A senior Supreme Court lawyer has said the apex court’s decision to appoint a committee to talk to the anti-CAA protesters at Shaheen Bagh with an aim to relocate them is tantamount to taking up an executive role and doing something the government should have done.
Lawyer Kaleeswaram Raj also said the Supreme Court had failed to “exercise its dharma” when confronted with significant issues like the demolition of Babri Masjid, demonetisation, Kashmir, arrests of activists and misuse of CrPC Section 144, adding that the top court had not been able to “act as the guardian of the Constitution” and now people had started “re-constitutionalisation” through protests on the streets.
“The efforts for talks with the Shaheen Bagh protesters initiated by the Supreme Court shows the top court converting itself from a constitutional court to an executive court,” Raj told The Telegraph on Tuesday.
“The court is not an extension of the executive, nor its substitute. It has to act as the umpire of democracy,” he said. “Going by the constitutional scheme, what is contemplated is judicial review of executive and legislative actions and inactions. That is the dharma of a constitutional court.”
The apex court has appointed a committee headed by senior lawyer Sanjay Hegde and having as members former central information commissioner Wajahat Habibullah and lawyer Sadhna Ramachandran and given them a week to hold discussions with the Shaheen Bagh protesters whose vigil has crossed 60 days.
“I have high regard for the credentials of Sanjay Hegde, who is probably the best person to head this committee as he is a truly secular person. But talking to the protesters is the job of the government,” Raj said.
Let alone speaking to the protesters, many BJP leaders including Amit Shah and Narendra Modi have targeted and vilified those at Shaheen Bagh.
After incendiary slogans like “Desh ke gaddaron ko, goli maaro…”, shots have been fired at the vigil.
The Supreme Court bench of Justices Sanjay Kishan Kaul and K.M. Joseph is hearing petitions seeking the eviction of the protesters.
Raj made it clear that he is not saying the court should not have assigned the task to the committee. “Nevertheless, one cannot be so euphoric about it when you look at the larger and more fundamental function of the Supreme Court.”

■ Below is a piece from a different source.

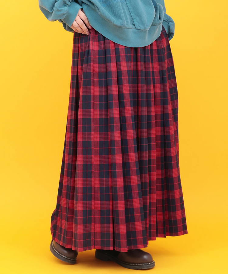 カラフルなチェック柄が印象的なロングプリーツスカート。古着っぽい雰囲気やカジュアルスタイルにも取り入れやすく、一枚でこなれ感のある着こなしが完成します。
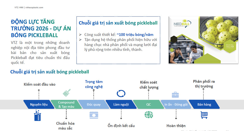 Sản phẩm ngách đầy tiềm năng: Ngoài nhựa công nghiệp, việc dẫn đầu thị trường bóng Pickleball - một môn thể thao đang bùng nổ toàn cầu - cho thấy sự nhạy bén cực cao của ban lãnh đạo DN trong việc tìm kiếm biên lợi nhuận mới.

What was more crucial was the role of the top court in handling serious matters such as demonetisation and the abrogation of Jammu and Kashmir’s special status.
“The top court, however, failed to exercise its dharma when confronted with significant issues like demonetisation, Kashmir, arrest of activists, misuse of CrPC Section 144 and massive murder of protesters on the streets,” said Raj, who is also a columnist on legal matters.
While there has been many a debate across the democratic world about the need to separate the legislature from the judiciary, Raj clarified that was not the point he was making.
“I am talking about the functional part of the court rather than legality. Of course, the Supreme Court can do a lot. In extreme cases, Article 142 of the Constitution empowers it to pass any kind of orders for doing complete justice,” he said.
“The Supreme Court has failed to do what it should have done even in some of the critical phases the country has come across. If you look at it deeply, enforcing CrPC Section 144 in many cities recently had the effect of invoking Article 352 of the Constitution dealing with Emergency. Only that an Emergency was not officially declared,” Raj said, highlighting the impact of prohibitory orders to thwart those protesting against the Citizenship (Amendment) Act, National Register of Citizens and the National Population Register.
Section 144 prohibits the gathering of five or more persons.
Raj highlighted instances when judicial intervention could have saved the country and its people from major catastrophes.
“Had there been a timely judicial intervention after demonetisation, the country’s economic history would have been different. When secularism was in peril in the Babri Masjid episode, the court came out with an un-secular and anti-secular verdict.”
The Supreme Court has allotted the entire disputed land in Ayodhya for the construction of a Ram temple although it accepted that the destruction of the mosque in 1992 was against the rule of law.
“Despite the apparent violence done to the secular ethos by the CAA, the court allowed the statute to remain, perpetuating anxieties in the minds of millions,” Raj said.
“Demonetisation was the first. Then we had motivated legislation like the one against (instant) triple talaq. Next came CAA. The de-constitutionalisation started with demonetisation. We then moved to the phase of criminalising (instant) triple talaq, which is a statute aimed at a particular religion. Now, the people who protest on the streets have started re-constitutionalisation,” Raj said.
“The people are re-constitutionalising the country. And that is the significance of the ongoing protests. The Constitution is growing up from across the streets as the people raise their voice,” he added.
Raj said the judiciary could not even act as the “guardian of the Constitution when leaders and activists across the country were arrested and detained. This is a sad commentary on the world’s most powerful Supreme Court.”
“Therefore, the reconciliatory role now adopted by the court in the Shaheen Bagh context needs to be critically deliberated across the country,” Raj insisted.
“This reconciliatory approach becomes a kind of new judicial norm which is very disturbing for our democracy. Prima facie one may feel it is comforting, but it is not. This may even leave dangerous ramifications for democracy, as the court cannot act as the legislature or executive,” he added.